Z racji, iż posiadam oba modele krzeseł marki Stokke, postanowiłam zestawić je ze sobą i wskazać Wam ich możliwości.
WYGLĄD
Stokke Tripp Trapp ma ponadczasowy design (klasyczny – nigdy nie wyjdzie z mody). Występuje w szerokiej gamie kolorów, aż 12-stu!

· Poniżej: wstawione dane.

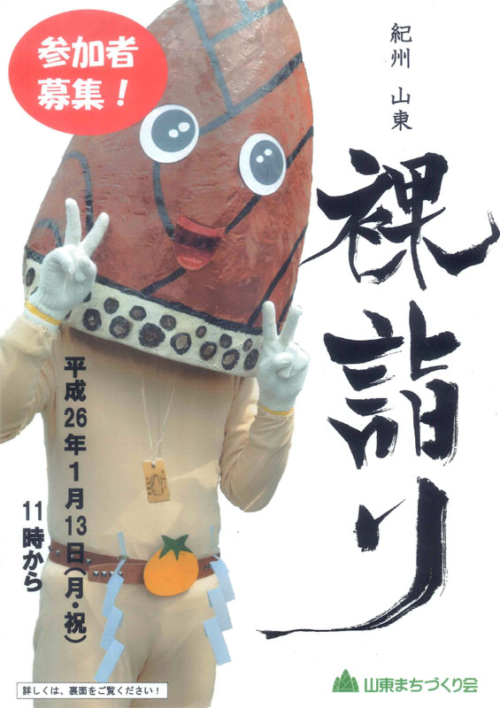 この歴史ある「裸詣り」を広く知ってもらおうと、山東まちづくり会が一昨年から広く参加者を募集して「裸詣り」を行っています。明年も下記の要領で行いますので、興味のある方は是非ご参加ください。
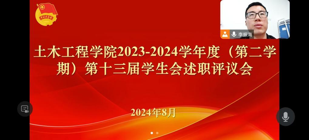 為進一步加強土木工程學院學生會建設,發揮學生會聯系廣大同學的橋梁紐帶作用,推動學生 會組織管理工作科學化、規范化,8月14日,土木工程學院2023-2024學年度(第二學期)第十三屆學生會述職評議會在線上召開。土木工程學院黨委副書記王一、團委副書記李振南以及學生會全體 成員參加評議會。
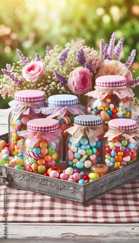 Fototapeta premium Bunte Bonbons in hübschen Gläsern
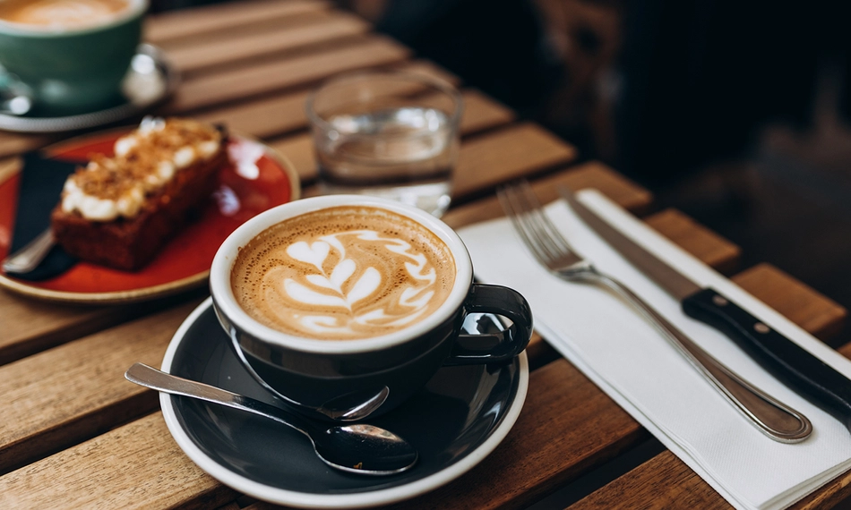 koffie, cappuccino of thee met stukje appelkruimeltaart of kersenvlaai, met slagroom (+ €0,60)
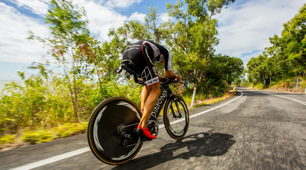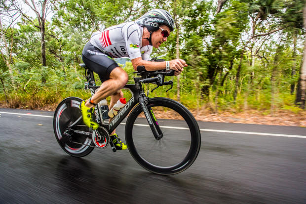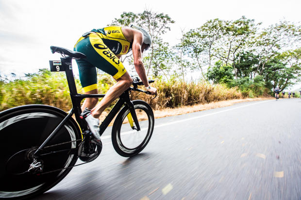 Pete Jacobs proudly sports the green and gold colors of Australia with his custom Louis Garneau kit.
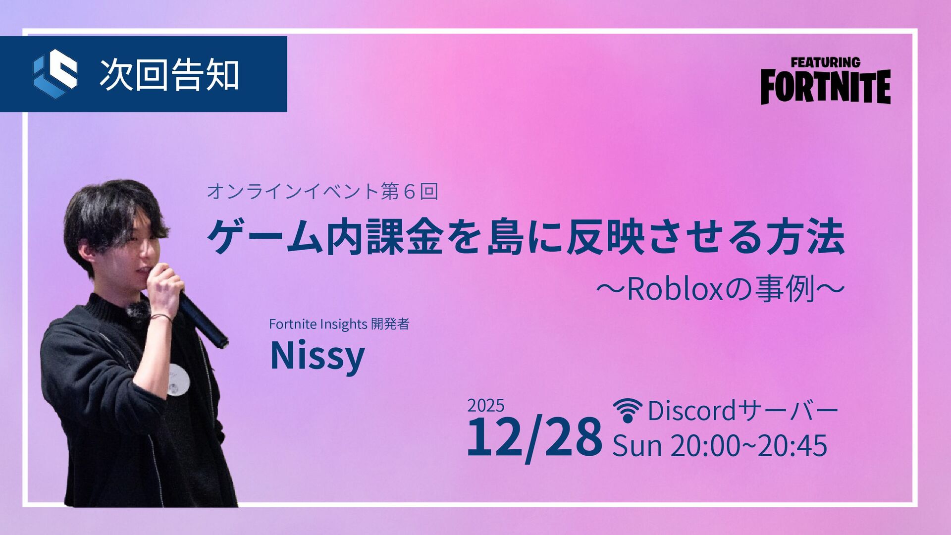 ゲーム内課金を島に反映させる方法 ~Robloxの事例~ Fortnite Insights 開発者 Nissy オンラインイベント第6回 12/28Sun 20:00~20:45 2025

Natomiast Stokke Steps, to propozycja dla osób która pokochała współczesny skandynawski styl. Do białego siedziska możemy dobrać drewniane nogi w dowolnym kolorze (6 możliwości kolorystycznych). Sam akcent kolorystyczny (do wyboru: czerwień, szarość, pomarańcz i niebieski) możemy wprowadzić kupując dodatkowe akcesoria (poduszkę na siedzisko lub leżaczek).
SIEDZISKO
Siedzisko Tripp Trapp można regulować zarówno na wysokości (wybierając odpowiedni stopień) i głębokości (przód/tył). Odpowiednio dostosowane, gwarantuje dziecku wygodną pozycję w każdym wieku. Tymczasem krzesło Stokke Steps ma stałą głębokość, posiada wyprofilowane i wysokie boki, które sprawdzają się jako podłokietnik dla dzieci. W obydwu krzesłach istnieje możliwość regulacji wysokości podnóżka. Krzesła zapewniają jednocześnie komfort i właściwą postawę, zapewniając najlepsze wsparcie pleców i stóp od najmłodszych lat.
OSZCZĘDNOŚĆ MIEJSCA
Jeśli mamy mało miejsca, wówczas to kryterium powinno być brane pod uwagę przy wyborze krzesła. W tym zestawieniu wygrywa Tripp Trap, gdyż dosuniesz je do stołu. Nogi krzesła Stokke Steps wystają dość daleko.
CZYSZCZENIE
Mimo, że krzesło Stokke Steps użytkujemy codziennie od ponad roku, ono nadal wygląda jak nowe. Oba krzesła należy czyścić wilgotną ściereczką. Dodatkowe akcesoria są bardzo przydatne i dobrze zaprojektowane. Poduszki i pasy również w łatwy sposób można utrzymać w czystości (można prać w temperaturze 40ºC).
UŻYTKOWANIE
Każde z tych krzeseł rośnie wraz z dzieckiem, z tym że Stokke Tripp Trapp, to wybór na całe życie. Tak! – gdyż przeznaczone jest od 3 lat, aż do … 85 kg – solidna konstrukcja z drewna bukowego zapewnia utrzymanie do 85 kg ;-).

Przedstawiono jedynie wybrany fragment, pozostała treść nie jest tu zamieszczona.